Now you're left with two columns: an entity name and a monetary amount. Both AAA rows have been added together for a new total. This is already nice enough to do some manual calculations on, but I prefer a more interactive workflow.

Tagging expenses

This two column stream must be turned back into a three column one, with a new first column containing an arbitrary string identifying the owner of the expense. Something like

j   AAA 140.99
n   BBB -8

This will allow one more round of sum-columns to say who owes what. You could just do this tagging in a text editor or Excel or whatever, but I find working with tabs to be error prone, and I obviously don't bother with Microsoft products. I've instead written another script that reads a line of stdin, stops for a user input tag, and then prints the tagged output. If you get anything wrong, you can then re-open the output in a text editor.

#!/bin/bash

while IFS= read -r r; do
    read -p "$r: " i </dev/tty
    echo "$i    $r"
done

I saved this one as tag-transactions. The pipe now looks something like

$ xsv select "name,debit,credit" transactions.csv | xsv fmt -t $'\t' | tail -n +2 | sum-columns '$2 + $3' | sort | tag-transactions

You can output this to a file with > to double check everything, but if you just wanted a breakdown by tag, it'd be piped into another sum-columns.
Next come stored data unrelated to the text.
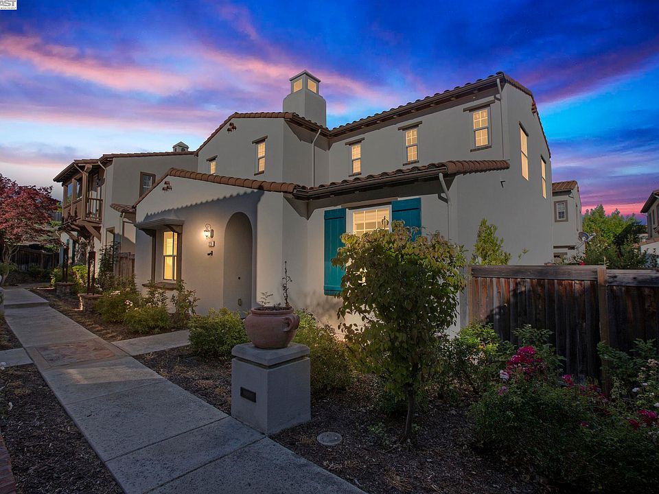 Beautiful Gale Ranch Home located in the Veranda neighborhood. Close to community pool & top rated San Ramon Schools. This ideal floor plan has a downstairs bedroom & downstairs full bath w/standing shower perfect for your guests. Upgraded with Hardwood flooring in entry, dining room & kitchen, textured Berber carpeting, ceiling fans in all bedrooms, & EV wall outlet in garage. Spacious living room has abundant natural light & beautiful fireplace w/mantle. Large dining room with slider to backyard and easy access to kitchen. Chef's kitchen w/large center island w/breakfast bar, granite countertops, tiled backsplash, stainless steel appliances including a gas range, built-in microwave & large pantry. Primary suite has an amazing spa-like bathroom w/separate dual sinks & vanities, custom built-in storage and make-up vanity, large soaking tub, two closets & standing shower. Two secondary bedrooms are spacious and share a hall bathroom with a shower/tub combo. Upstairs laundry closet with washer & dryer included and storage cabinets. Low maintenance yard with paved patio, perfect for dining al fresco. HOA has a beautiful community pool & spa w/lots of shade for on hot summer days. Don't miss this exceptional home!
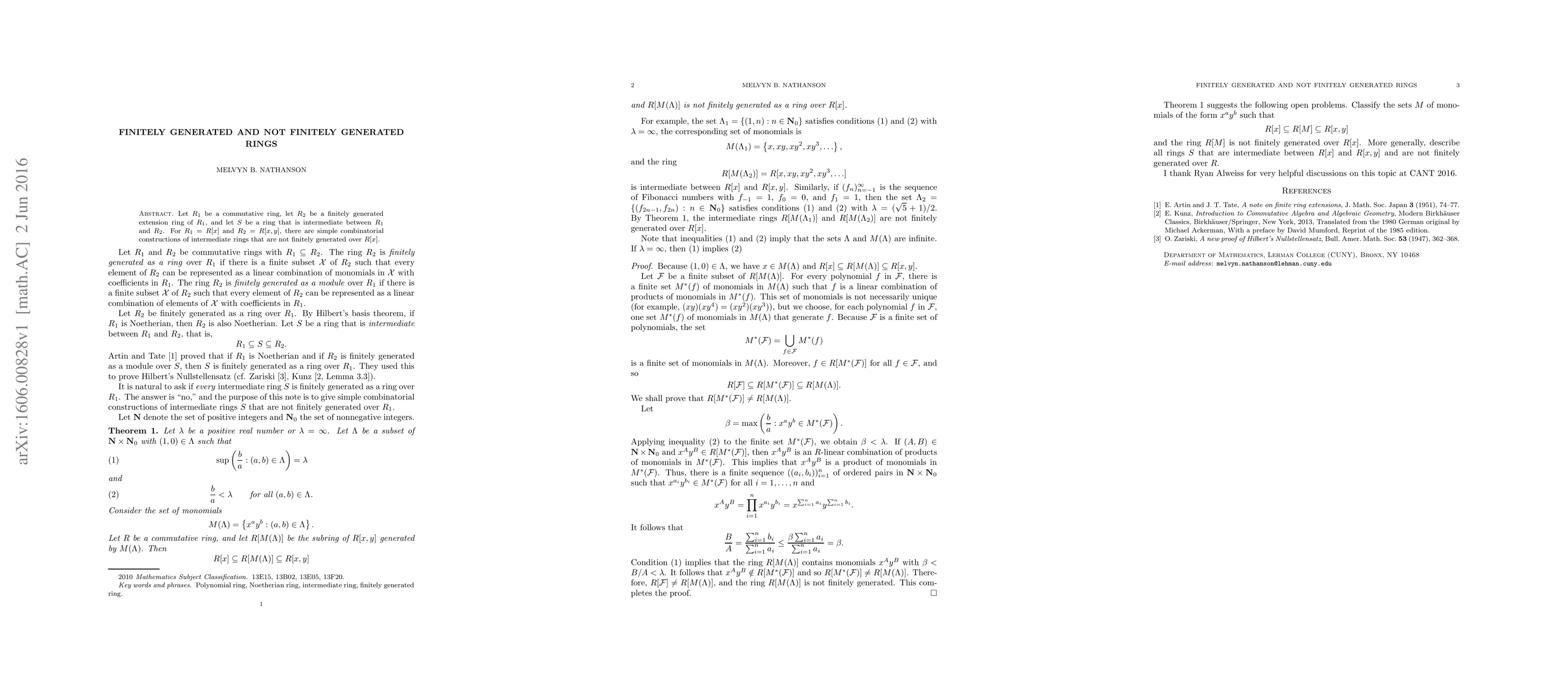 Let $R_1$ be a commutative ring, let $R_2$ be a finitely generated extension ring of $R_1$, and let $S$ be a ring that is intermediate between $R_1$ and $R_2$. For $R_1 = R[x]$ and $R_2 = R[x,y]$, this paper gives simple combinatorial constructions of intermediate rings $S$ that are not finitely generated over $R[x]$.
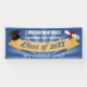 This bold text design has a template to input the name of your high school or college and class year. The blue background contrasts well with the yellow banner and bright white text for an easy-to-read banner. Text reads 'Congratulations! High School Name Class of 20XX we salute you!'
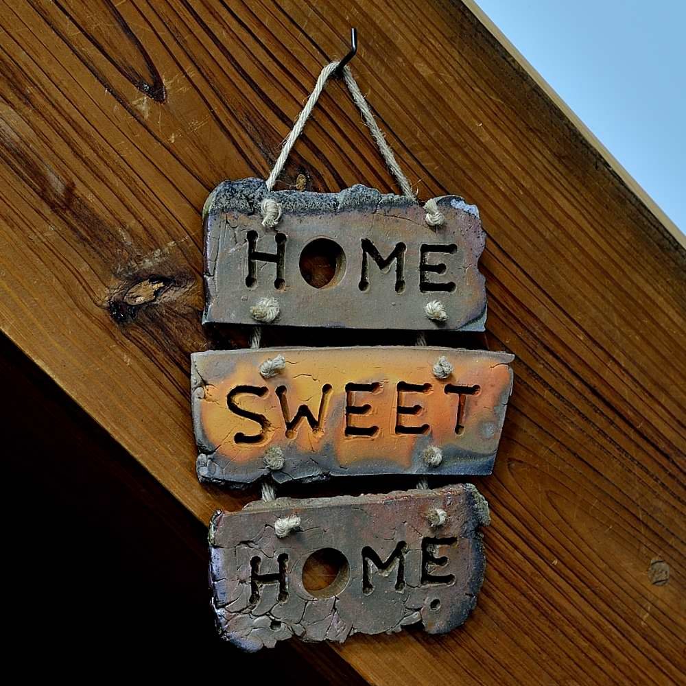 Home Sweet Home。木村庸祐によって手びねりで作られ、作品の底には作家のサインが入っています。登り窯で赤松の割り木だけを使い、約2週間焼き締められました。釉薬は全く使われておらず、土と炎から生み出される自然の色をお楽しみください。サイズ: 幅約18cm, 奥行約15cm, 高さ約1cm, 備前焼は一点一点手作りのため、焼けや風合いが異なることが多少ございます。どうぞご了承ください。
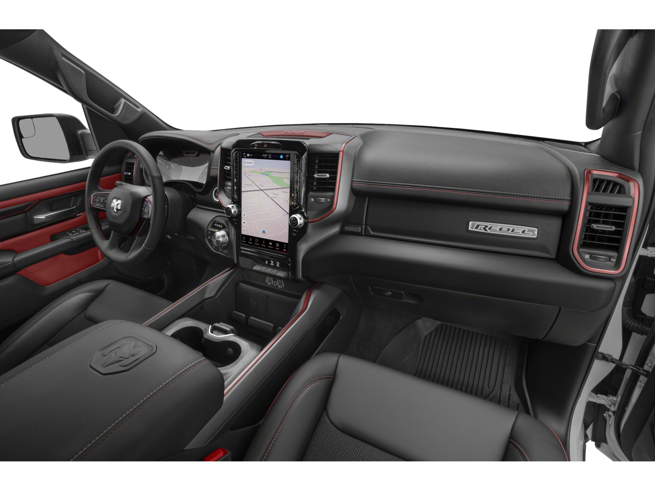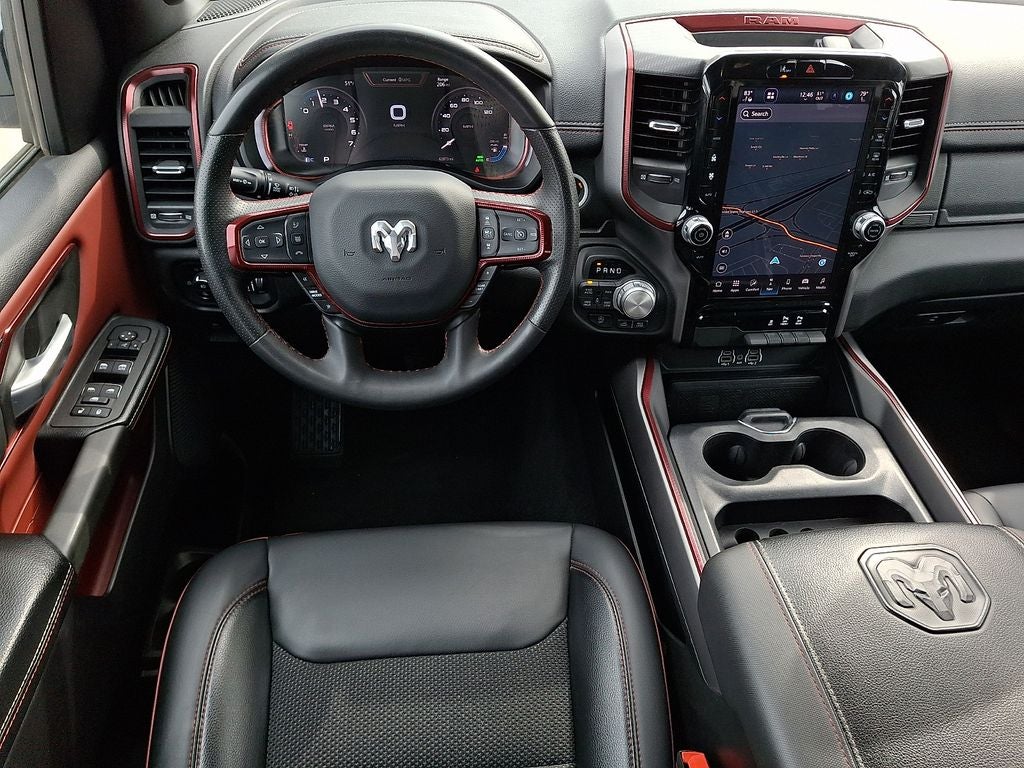 THIS VEHICLE INCLUDES THE FOLLOWING FEATURES AND OPTIONS: Quick Order Package 21W Rebel, Rebel Level 1 Equipment Group (Auto Power-Folding Mirrors, Auto-Dimming Exterior Driver Mirror, Black Premium Power Mirrors, Convex Wide-Angle Exterior Mirror Insert, Exterior Mirrors Courtesy Lamps, Exterior Mirrors w/Heating Element, Exterior Mirrors w/Supplemental Signals, Power Adjustable Pedals, Rear Window Defroster, Remote Tailgate Release, and Wireless Charging Pad), 10 Speakers, 3.92 Rear Axle Ratio, 4 Way Front Headrests, 4-Wheel Disc Brakes, 4G LTE Wi-Fi Hot Spot, ABS brakes, Air Conditioning, Alloy wheels, AM/FM radio: SiriusXM with 360L, Apple CarPlay, Apple CarPlay/Android Auto, Auto High-beam Headlights, Auto-dimming Rear-View mirror, Automatic temperature control, Brake assist, Bucket Seats, Cloth/Vinyl Bucket Seats, Compass, Connected Travel & Traffic Services, Connectivity - US/Canada, Delay-off headlights, Driver door bin, Driver vanity mirror, Dual front impact airbags, Dual front side impact airbags, Electronic Stability Control, Front anti-roll bar, Front Bucket Seats, Front Center Armrest w/Storage, Front dual zone A/C, Front fog lights, Front License Plate Bracket, Front reading lights, Front Seat Back Map Pockets, Front wheel independent suspension, Full Length Upgraded Floor Console, Fully automatic headlights, Garage door transmitter, Google Android Auto, GPS Antenna Input, GPS Navigation, Heated door mirrors, Heated front seats, Heated steering wheel, Illuminated entry, Integrated Voice Command w/Bluetooth®, Leather steering wheel, Low tire pressure warning, Manual Folding Exterior Mirrors, Manufacturer's Statement of Origin, Navigation System, Occupant sensing airbag, Outside temperature display, Overhead airbag, Overhead console, Panic alarm, ParkView Rear Back-Up Camera, Passenger door bin, Passenger vanity mirror, Power Adjust 8-Way Driver Seat, Power door mirrors, Power driver seat, Power steering, Power windows, Radio data system, Radio: Uconnect 5 Nav w/12.0 Display, Rear 60/40 Folding Seat, Rear anti-roll bar, Rear seat center armrest, Rear step bumper, Remote keyless entry, SiriusXM w/360L, Speed control, Split folding rear seat, Steering wheel mounted audio controls, Tachometer, Telescoping steering wheel, Tilt steering wheel, Traction control, Trip computer, USB Host Flip, Variably intermittent wipers, Voltmeter, and Wheels: 18 x 8.0 Painted Mid-Gloss Black.
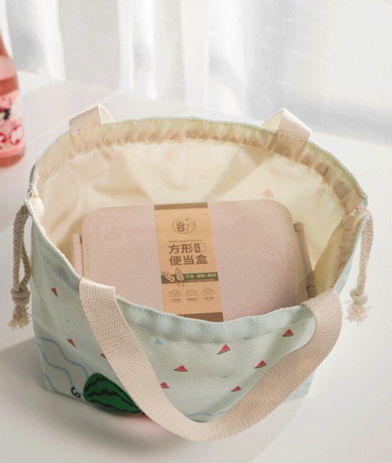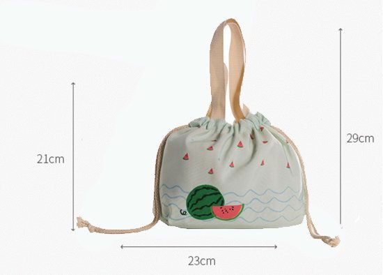日式西瓜飯盒袋女時尚手提袋子大號大容量保溫袋便當包便當袋束口 lunch bag
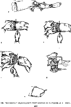 - •Транспортная (а) и лечебная (б, в) иммобилизация при диафизарных переломах бедренной кости.
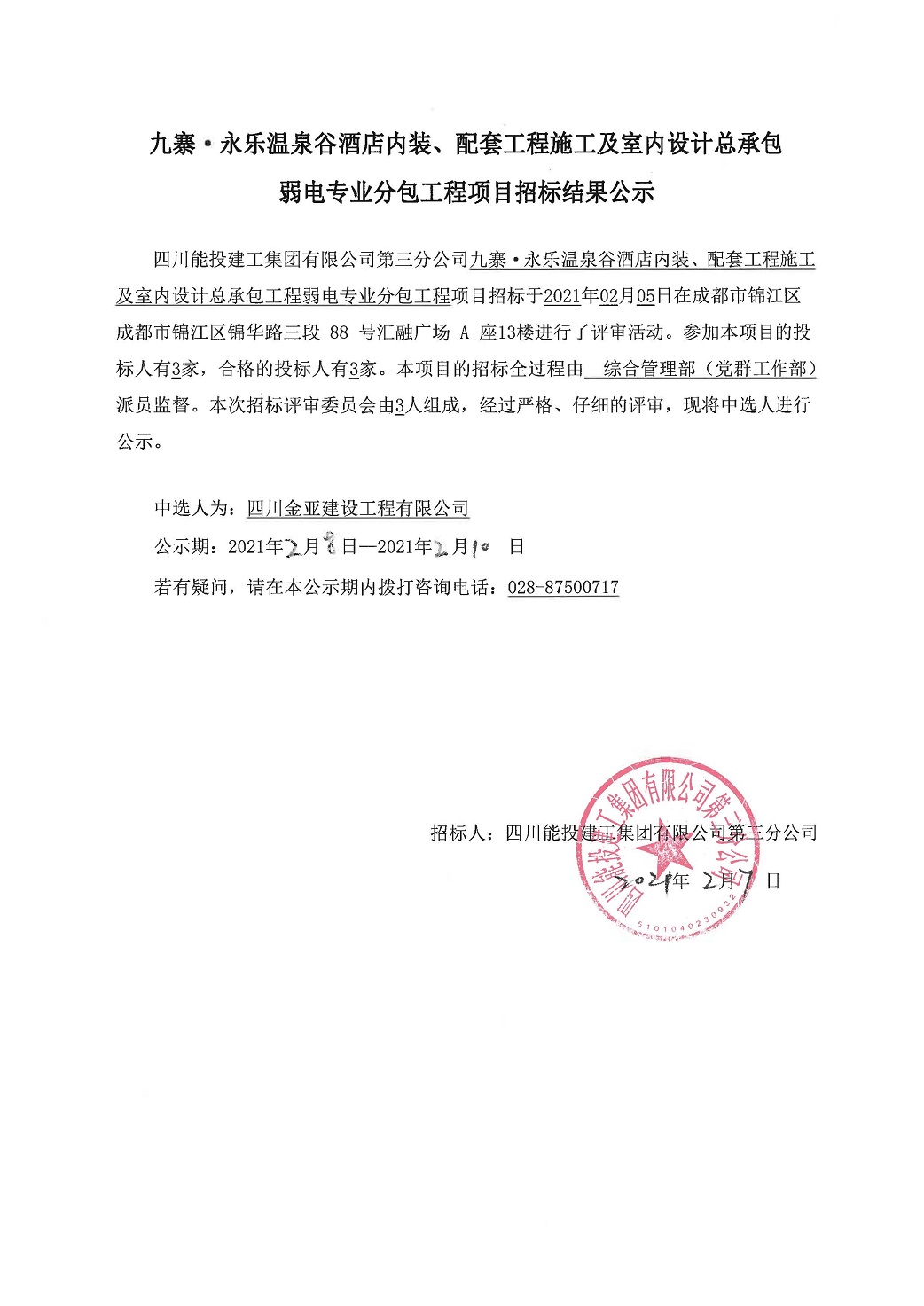 下一条:九寨.永乐温泉谷酒店内装、配套工程施工及室内设计总承包工程德尔塔酒店精装修专业分包工程招标结果公示

$ xsv select "name,debit,credit" transactions.csv | xsv fmt -t $'\t' | tail -n +2 | sum-columns '$2 + $3' | sort | tag-transactions | sum-columns '$3'
j       -983.31
n       -1803.15
b       -1101.03

These tags are arbitrary, so they don't have to be tied to a specific person. One could represent expenses that are split 50-50, another for something that was 80-20, etc.

I'm sure there's a subtle risk somewhere in this pipeline, but it's handy enough for personal accounting.